DATA PROVIDED —
********************
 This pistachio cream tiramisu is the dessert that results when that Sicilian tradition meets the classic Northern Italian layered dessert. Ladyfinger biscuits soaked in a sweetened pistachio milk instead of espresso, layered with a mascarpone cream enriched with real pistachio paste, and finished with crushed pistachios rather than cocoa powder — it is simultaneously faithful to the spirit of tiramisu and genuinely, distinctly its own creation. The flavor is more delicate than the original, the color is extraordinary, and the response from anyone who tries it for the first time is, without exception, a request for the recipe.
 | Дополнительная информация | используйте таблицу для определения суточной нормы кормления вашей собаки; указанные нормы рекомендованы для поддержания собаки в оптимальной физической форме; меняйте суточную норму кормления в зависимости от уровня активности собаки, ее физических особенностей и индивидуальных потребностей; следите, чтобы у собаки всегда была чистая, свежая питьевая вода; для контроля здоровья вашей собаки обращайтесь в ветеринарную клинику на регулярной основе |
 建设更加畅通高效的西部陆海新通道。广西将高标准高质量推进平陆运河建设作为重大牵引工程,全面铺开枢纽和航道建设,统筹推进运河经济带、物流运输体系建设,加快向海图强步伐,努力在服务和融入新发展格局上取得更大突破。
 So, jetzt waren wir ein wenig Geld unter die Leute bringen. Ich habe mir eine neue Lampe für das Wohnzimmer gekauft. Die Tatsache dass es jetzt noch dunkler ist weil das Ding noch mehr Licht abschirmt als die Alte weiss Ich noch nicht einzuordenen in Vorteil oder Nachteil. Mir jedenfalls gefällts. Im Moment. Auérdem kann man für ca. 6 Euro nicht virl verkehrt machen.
********************
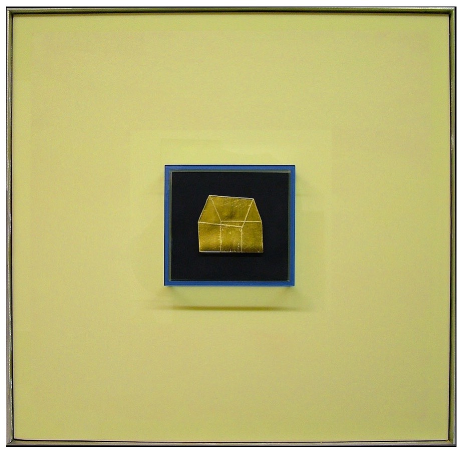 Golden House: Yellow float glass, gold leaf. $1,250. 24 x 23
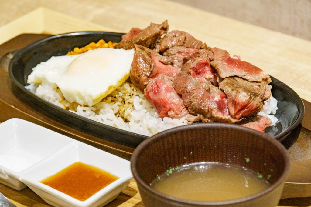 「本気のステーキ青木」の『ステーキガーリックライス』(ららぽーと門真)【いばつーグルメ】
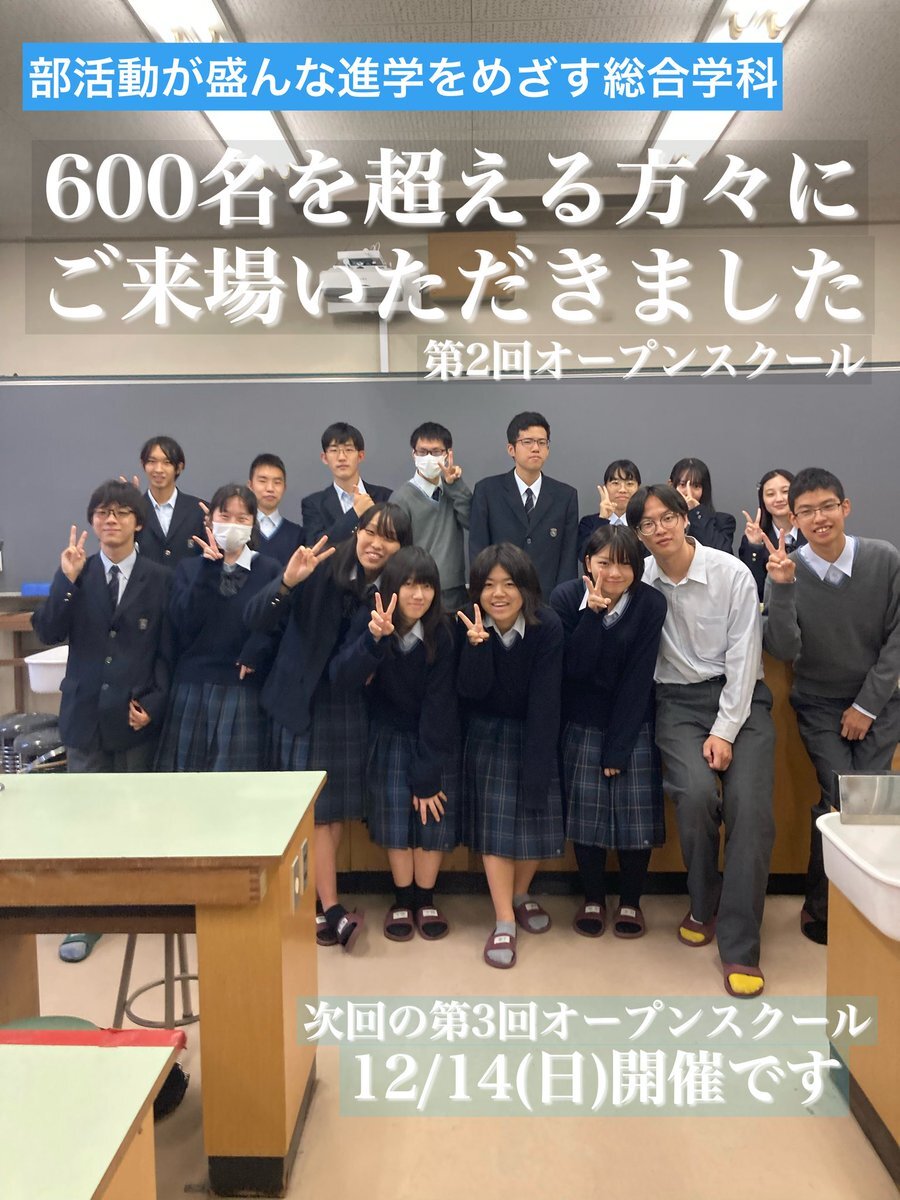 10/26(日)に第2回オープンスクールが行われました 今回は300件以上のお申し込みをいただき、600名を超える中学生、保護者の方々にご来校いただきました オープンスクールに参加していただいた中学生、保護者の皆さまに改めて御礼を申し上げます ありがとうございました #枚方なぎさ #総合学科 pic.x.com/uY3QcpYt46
********************
Retype exactly the span of lines from the one with "建设更加畅通高效的西部陆海新" through the one with "So, jetzt waren"; include both ends and omit the rest of the material.

EXERCISE RESULT —
 建设更加畅通高效的西部陆海新通道。广西将高标准高质量推进平陆运河建设作为重大牵引工程,全面铺开枢纽和航道建设,统筹推进运河经济带、物流运输体系建设,加快向海图强步伐,努力在服务和融入新发展格局上取得更大突破。
 So, jetzt waren wir ein wenig Geld unter die Leute bringen. Ich habe mir eine neue Lampe für das Wohnzimmer gekauft. Die Tatsache dass es jetzt noch dunkler ist weil das Ding noch mehr Licht abschirmt als die Alte weiss Ich noch nicht einzuordenen in Vorteil oder Nachteil. Mir jedenfalls gefällts. Im Moment. Auérdem kann man für ca. 6 Euro nicht virl verkehrt machen.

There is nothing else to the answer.